Where is JCAHO in all of this mess??

  1. According to the JCAHO website, their mission statement is as follows..."The mission of the Joint Commission on Accreditation of Health Care Organizations is to continuously improve the safety and quality of care provided to the public through the provision of health care accreditation and related services that support performance improvement in health care organizations." Now that the public is becoming more aware of the nursing shortage it won't take long for someone(patient,lawyer) to say "Hey,wait a minute! This health care facility where I was just a patient and got terrible care in is accredited by JCAHO and I thought they were supposed to ensure the quality of my care". I realize that not all health care institutions are JCAHO accredited but all the big ones are.

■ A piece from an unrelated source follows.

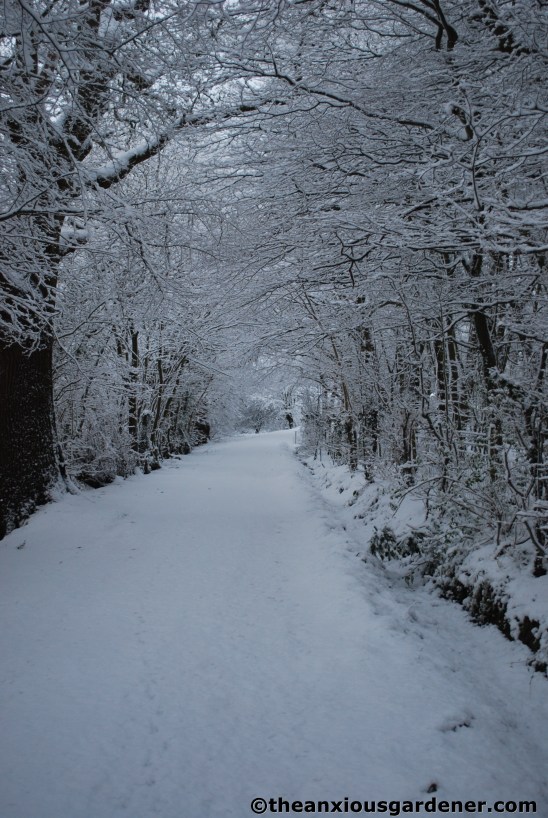 We didn’t get a huge amount in East Sussex; unlike in previous years. Several time last year, I had to leave my car up on the road and walk down to the Priory; only a 4×4 would manage to get back up the coruscating (!) incline from the house. It is a beautiful walk down the lane and virginal snow makes it even more so. Down through Margaret’s wood,

If they are so concerned about "quality of care" provided to the public, why aren't they becoming involved with the terrible working conditions that are definitely NOT improving the safety and quality of care given to the public. Maybe if we directed our complaints to JCAHO concerning our working conditions in the facilities that they have accredited, we just might get some solid action. Management would definitely take notice if they lost their accredition. We have to start playing at their(management's)level. They have ignored us for too long. I know that if I'm ever sued for something that short staffing definitely contributed to, EVERYONE is going down with me. It's long overdue for us to do WHAT WE CAN, to GET HEARD! The public also needs to know what and who JCAHO is. I'm surprised the lawyers haven't thought of them by now. Thoughts, anyone?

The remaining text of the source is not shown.